__Task objective__
When the line containing "近日,中國信息通信研究院聯(lián)合" appears in the data below, begin copying there and stop only after the line containing "Cluj-Napoca: Pe strada".

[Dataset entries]
=====
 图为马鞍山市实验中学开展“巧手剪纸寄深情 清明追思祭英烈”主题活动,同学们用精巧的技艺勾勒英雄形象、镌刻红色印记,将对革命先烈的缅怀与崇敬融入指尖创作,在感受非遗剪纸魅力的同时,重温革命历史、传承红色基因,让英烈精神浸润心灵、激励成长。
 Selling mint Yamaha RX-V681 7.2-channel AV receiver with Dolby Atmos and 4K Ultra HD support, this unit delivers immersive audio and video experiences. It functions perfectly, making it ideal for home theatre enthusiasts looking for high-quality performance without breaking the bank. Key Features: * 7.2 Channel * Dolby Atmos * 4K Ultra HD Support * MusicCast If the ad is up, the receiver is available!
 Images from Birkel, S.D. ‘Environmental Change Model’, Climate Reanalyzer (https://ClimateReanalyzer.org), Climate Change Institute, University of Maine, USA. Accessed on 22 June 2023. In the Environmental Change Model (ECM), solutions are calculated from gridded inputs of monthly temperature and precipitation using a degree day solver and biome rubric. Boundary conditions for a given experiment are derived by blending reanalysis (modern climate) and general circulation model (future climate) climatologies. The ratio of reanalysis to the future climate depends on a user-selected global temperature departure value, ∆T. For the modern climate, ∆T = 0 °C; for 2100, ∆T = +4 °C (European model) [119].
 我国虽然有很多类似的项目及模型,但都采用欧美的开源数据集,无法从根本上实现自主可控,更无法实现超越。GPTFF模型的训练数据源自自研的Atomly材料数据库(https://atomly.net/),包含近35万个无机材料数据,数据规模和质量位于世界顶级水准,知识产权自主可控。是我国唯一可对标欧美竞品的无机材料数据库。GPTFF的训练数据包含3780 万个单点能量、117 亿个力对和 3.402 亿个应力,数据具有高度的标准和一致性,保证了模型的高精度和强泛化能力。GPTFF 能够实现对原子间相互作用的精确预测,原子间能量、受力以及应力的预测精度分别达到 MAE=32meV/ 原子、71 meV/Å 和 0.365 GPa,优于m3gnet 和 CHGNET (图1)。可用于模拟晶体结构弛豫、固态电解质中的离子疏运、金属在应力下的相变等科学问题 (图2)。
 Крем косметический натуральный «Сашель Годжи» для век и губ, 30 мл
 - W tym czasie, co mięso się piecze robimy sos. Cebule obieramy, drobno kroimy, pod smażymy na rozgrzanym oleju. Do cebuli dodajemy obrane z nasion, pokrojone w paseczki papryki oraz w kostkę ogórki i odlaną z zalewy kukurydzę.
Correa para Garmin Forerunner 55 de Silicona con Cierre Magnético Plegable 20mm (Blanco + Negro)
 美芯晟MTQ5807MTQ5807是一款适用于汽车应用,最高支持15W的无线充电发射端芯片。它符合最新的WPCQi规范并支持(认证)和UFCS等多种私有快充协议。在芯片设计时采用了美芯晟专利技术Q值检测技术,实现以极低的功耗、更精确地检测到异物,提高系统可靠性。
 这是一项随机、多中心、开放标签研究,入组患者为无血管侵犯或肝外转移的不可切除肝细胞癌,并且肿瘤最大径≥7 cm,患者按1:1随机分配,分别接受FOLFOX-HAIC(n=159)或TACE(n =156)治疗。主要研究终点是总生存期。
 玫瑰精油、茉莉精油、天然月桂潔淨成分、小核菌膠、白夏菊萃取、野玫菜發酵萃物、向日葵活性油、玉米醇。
=====
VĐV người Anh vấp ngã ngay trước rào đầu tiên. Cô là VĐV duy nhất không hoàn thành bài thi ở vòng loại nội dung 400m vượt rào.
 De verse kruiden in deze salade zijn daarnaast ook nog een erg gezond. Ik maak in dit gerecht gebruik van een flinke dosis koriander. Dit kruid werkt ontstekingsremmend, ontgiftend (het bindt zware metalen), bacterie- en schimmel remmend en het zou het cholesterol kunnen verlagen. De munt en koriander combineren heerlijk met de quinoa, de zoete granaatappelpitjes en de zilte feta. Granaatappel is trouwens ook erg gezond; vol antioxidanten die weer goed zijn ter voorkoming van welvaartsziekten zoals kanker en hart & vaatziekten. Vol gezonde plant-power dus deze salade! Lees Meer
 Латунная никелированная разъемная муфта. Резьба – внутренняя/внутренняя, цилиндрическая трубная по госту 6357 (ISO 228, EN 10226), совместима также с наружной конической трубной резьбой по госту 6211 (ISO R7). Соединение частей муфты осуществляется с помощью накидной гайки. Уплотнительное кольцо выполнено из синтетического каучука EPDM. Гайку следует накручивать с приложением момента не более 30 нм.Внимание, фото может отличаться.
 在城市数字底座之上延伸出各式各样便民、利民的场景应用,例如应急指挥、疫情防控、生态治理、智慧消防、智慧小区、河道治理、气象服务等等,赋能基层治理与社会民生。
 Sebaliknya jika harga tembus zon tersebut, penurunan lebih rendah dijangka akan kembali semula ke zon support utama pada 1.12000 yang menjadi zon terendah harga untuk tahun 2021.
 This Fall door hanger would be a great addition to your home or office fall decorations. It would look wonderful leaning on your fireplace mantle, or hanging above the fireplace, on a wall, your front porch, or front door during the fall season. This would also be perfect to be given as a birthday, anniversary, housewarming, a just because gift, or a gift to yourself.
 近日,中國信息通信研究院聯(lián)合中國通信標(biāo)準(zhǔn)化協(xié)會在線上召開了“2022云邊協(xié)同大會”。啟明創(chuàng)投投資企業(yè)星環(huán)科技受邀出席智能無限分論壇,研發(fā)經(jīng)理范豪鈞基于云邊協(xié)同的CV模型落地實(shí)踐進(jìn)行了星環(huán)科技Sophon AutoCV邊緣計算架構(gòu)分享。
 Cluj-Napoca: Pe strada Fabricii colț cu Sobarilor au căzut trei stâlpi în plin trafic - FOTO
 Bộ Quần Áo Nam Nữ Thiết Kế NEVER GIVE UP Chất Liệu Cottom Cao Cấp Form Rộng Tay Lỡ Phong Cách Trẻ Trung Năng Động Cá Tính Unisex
=====
__Solution to this task__
 近日,中國信息通信研究院聯(lián)合中國通信標(biāo)準(zhǔn)化協(xié)會在線上召開了“2022云邊協(xié)同大會”。啟明創(chuàng)投投資企業(yè)星環(huán)科技受邀出席智能無限分論壇,研發(fā)經(jīng)理范豪鈞基于云邊協(xié)同的CV模型落地實(shí)踐進(jìn)行了星環(huán)科技Sophon AutoCV邊緣計算架構(gòu)分享。
 Cluj-Napoca: Pe strada Fabricii colț cu Sobarilor au căzut trei stâlpi în plin trafic - FOTO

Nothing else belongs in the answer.